TASK DATA:
* * * * * * * * *

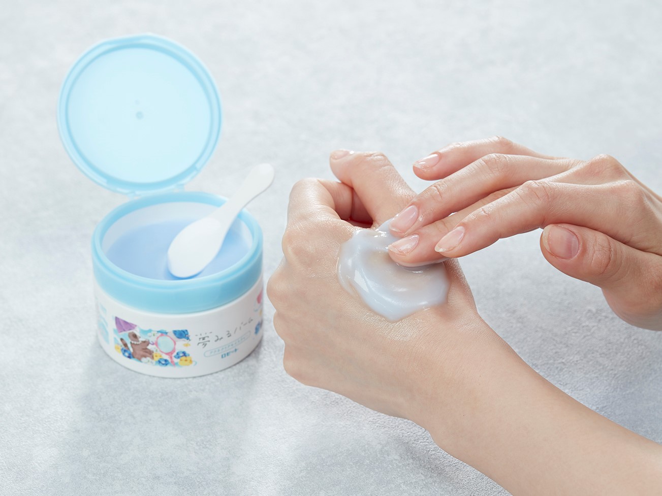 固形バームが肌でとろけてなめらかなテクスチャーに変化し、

* * * * * * * * *

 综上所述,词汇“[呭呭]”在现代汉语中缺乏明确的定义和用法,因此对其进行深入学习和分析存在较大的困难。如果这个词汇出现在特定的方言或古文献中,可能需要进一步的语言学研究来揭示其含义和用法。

* * * * * * * * *

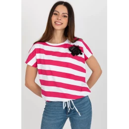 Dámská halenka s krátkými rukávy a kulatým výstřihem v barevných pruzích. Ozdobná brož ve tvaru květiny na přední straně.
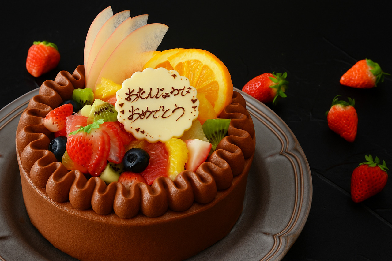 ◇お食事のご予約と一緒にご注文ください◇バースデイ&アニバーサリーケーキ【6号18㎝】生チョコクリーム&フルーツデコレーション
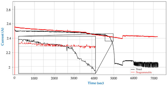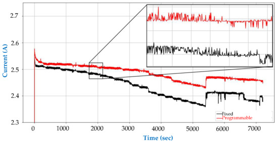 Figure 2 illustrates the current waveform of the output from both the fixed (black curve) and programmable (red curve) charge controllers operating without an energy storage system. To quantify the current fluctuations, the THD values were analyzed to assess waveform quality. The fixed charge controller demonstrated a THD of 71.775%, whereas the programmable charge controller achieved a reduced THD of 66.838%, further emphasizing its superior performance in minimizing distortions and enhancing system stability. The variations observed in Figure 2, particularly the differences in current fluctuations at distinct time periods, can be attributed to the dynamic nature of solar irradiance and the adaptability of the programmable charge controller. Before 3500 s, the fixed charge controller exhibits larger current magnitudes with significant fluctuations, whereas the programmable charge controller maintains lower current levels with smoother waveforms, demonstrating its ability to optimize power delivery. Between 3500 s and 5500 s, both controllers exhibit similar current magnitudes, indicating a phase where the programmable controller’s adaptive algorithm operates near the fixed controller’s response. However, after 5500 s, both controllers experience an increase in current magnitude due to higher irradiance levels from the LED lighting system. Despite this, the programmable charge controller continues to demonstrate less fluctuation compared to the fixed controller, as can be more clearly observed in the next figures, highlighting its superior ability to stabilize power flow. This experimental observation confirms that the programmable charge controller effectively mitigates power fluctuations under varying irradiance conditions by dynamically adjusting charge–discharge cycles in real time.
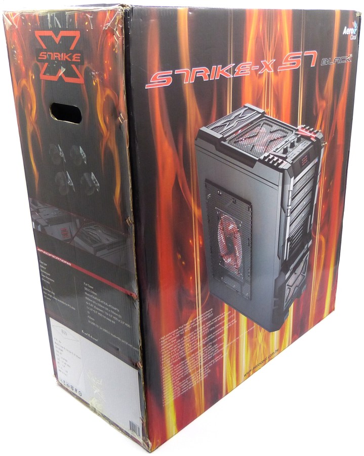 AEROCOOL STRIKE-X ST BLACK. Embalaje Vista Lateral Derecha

* * * * * * * * *

THE TASK: Would you please reproduce the entries above, starting at the line with "Dámská halenka s" and stopping after the line with "AEROCOOL STRIKE-X ST"? Omit any pictures.

THE ANSWER:
 Dámská halenka s krátkými rukávy a kulatým výstřihem v barevných pruzích. Ozdobná brož ve tvaru květiny na přední straně.
 ◇お食事のご予約と一緒にご注文ください◇バースデイ&アニバーサリーケーキ【6号18㎝】生チョコクリーム&フルーツデコレーション
 Figure 2 illustrates the current waveform of the output from both the fixed (black curve) and programmable (red curve) charge controllers operating without an energy storage system. To quantify the current fluctuations, the THD values were analyzed to assess waveform quality. The fixed charge controller demonstrated a THD of 71.775%, whereas the programmable charge controller achieved a reduced THD of 66.838%, further emphasizing its superior performance in minimizing distortions and enhancing system stability. The variations observed in Figure 2, particularly the differences in current fluctuations at distinct time periods, can be attributed to the dynamic nature of solar irradiance and the adaptability of the programmable charge controller. Before 3500 s, the fixed charge controller exhibits larger current magnitudes with significant fluctuations, whereas the programmable charge controller maintains lower current levels with smoother waveforms, demonstrating its ability to optimize power delivery. Between 3500 s and 5500 s, both controllers exhibit similar current magnitudes, indicating a phase where the programmable controller’s adaptive algorithm operates near the fixed controller’s response. However, after 5500 s, both controllers experience an increase in current magnitude due to higher irradiance levels from the LED lighting system. Despite this, the programmable charge controller continues to demonstrate less fluctuation compared to the fixed controller, as can be more clearly observed in the next figures, highlighting its superior ability to stabilize power flow. This experimental observation confirms that the programmable charge controller effectively mitigates power fluctuations under varying irradiance conditions by dynamically adjusting charge–discharge cycles in real time.
 AEROCOOL STRIKE-X ST BLACK. Embalaje Vista Lateral Derecha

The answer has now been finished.